Gvnr is the hosted alternative: an external authority your agent checks before it spends. Your agent asks "am I clear to make this call?" and acts on the answer.


How it works

Gvnr is not an LLM proxy — your tokens never pass through it, and you pay your model provider directly. Gvnr governs the decision to spend, in two independent meters:

1. The governance-operation quota — what you buy from Gvnr. Your account holds a balance of governance operations (operations_remaining). One budget_clear burns one op. You top this up with USDC; it's decoupled from your LLM spend. get_balance reports it.

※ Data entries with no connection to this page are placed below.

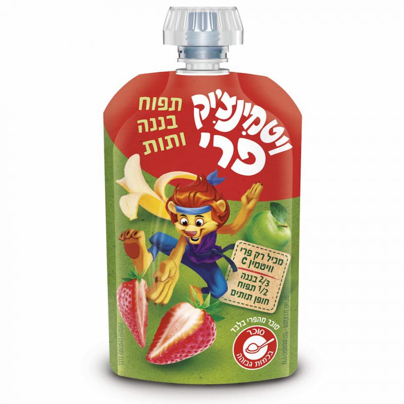 ויטמינצ’יק פרי מגיעים באריזת סמוצ’י 110 גרם, ומכילים מגוון פירות שילדים אוהבים במיוחד, ללא תוספת סוכר (מכיל סוכר מהפרי בלבד), ללא חומרים משמרים וללא חומרי טעם וריח, ב-5 טעמים: בננה תפוח, תפוח בננה ותות, סלט פירות, תפוח אגס בננה ואגס תפוח ופירות יער.ועכשיו – פעילות נושאת פרסים!- קנו 4 יחידות של ויטמינצ’יק פרי, היכנסו לפייסבוק של ויטמינצ’יק לענות על שאלת השבוע, ותוכלו לזכות ב- 500 שקלים לקנייה ברשת קרביץ.
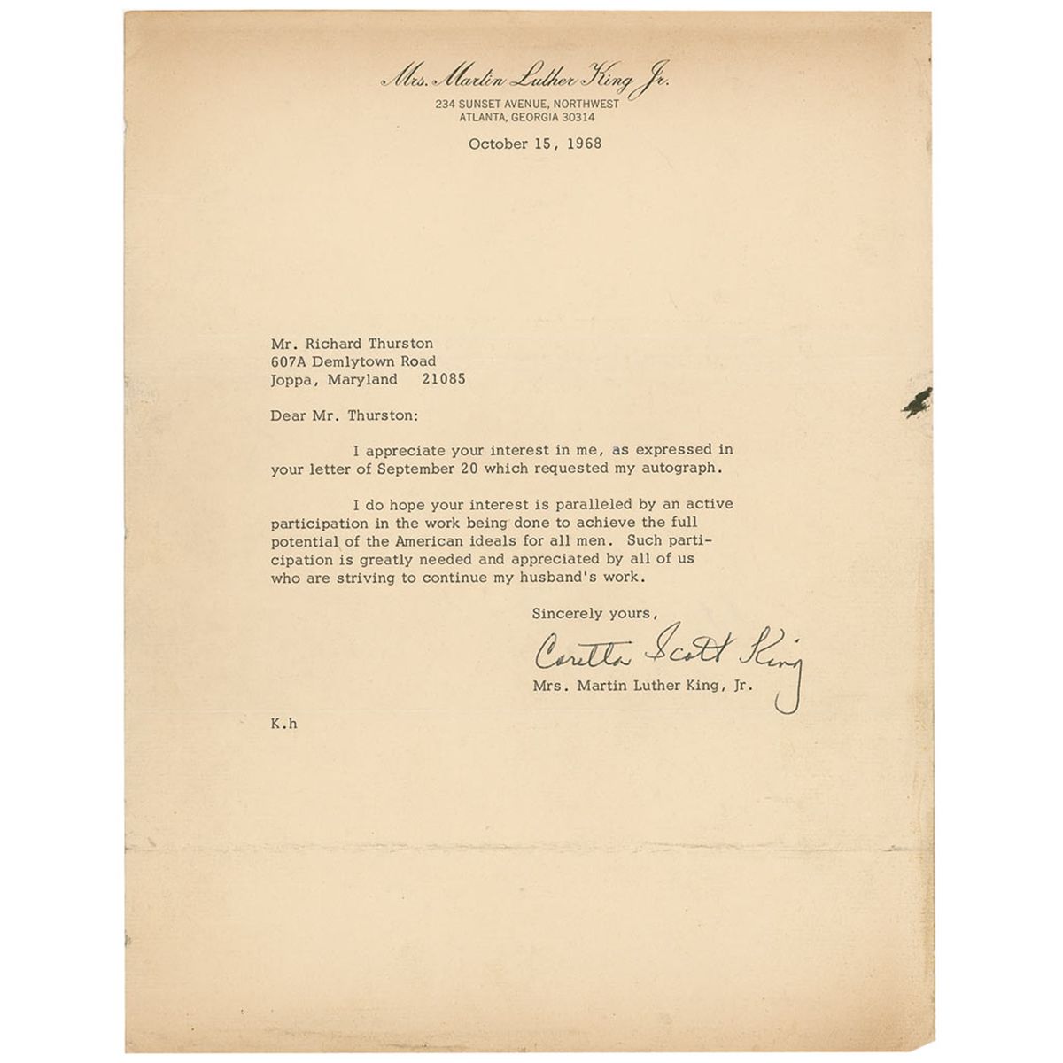 TLS, one page, 8.5 x 11, Mrs. Martin Luther King, Jr. letterhead, October 15, 1968. Letter to an admirer. In full: “I appreciate your interest in me, as expressed in your letter of September 20 which requested my autograph. I do hope your interest is paralleled by an active participation in the work being done to achieve the full potential of the American ideals for all men. Such participation is greatly needed and appreciated by all of us who are striving to continue my husband’s work.” Horizontal folds, some scattered soiling, small ink mark and surface loss to right edge, and uniform toning, otherwise fine condition.
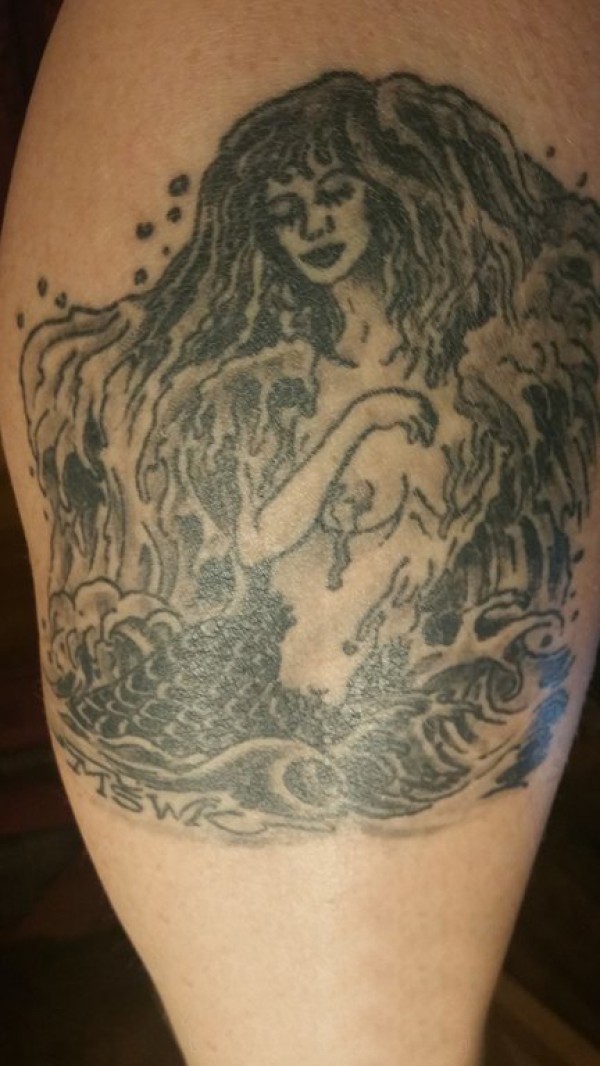 男生小腿上黑灰点刺抽象线条人物美人鱼纹身图片

2. The spend envelope — a USD cap you set, per agent. set_envelope(agent_id, limit_usd, window) gives an agent a daily or per-session USD ceiling. Gvnr tracks estimated spend against it and denies once it's exceeded — this is the runaway guardrail. No dollars move; it's an accounting limit you control.

A budget_clear is approved only when both hold: the account has ops left in the quota, and the agent is under its envelope. The loop:

  1. Your agent calls budget_clear(agent_id, model, estimated_tokens) before each LLM request.
  2. Gvnr checks the op quota and the agent's envelope, and returns { approved: true, ... } or { approved: false, reason }.
  3. If denied, your agent skips (or escalates via request_approval).
  4. After the LLM responds, call reconcile(...) with the real token counts so the envelope tracks actual cost, not the estimate.

Quick start

1. Provision an account

curl -X POST https://gvnr.dev/v1/account
# { "api_key": "bg_...", "account_id": "...", "operations_remaining": 25 }

New accounts include 25 free trial ops — enough to run the full loop (set an envelope, budget_clear, reconcile) before you fund anything. Your api_key is the credential for every call; account_id is just an internal reference for support. Account creation is credential-only by design (agent-native) — email is optional, set separately via POST /v1/account/notification-email, and used only for human approval notices.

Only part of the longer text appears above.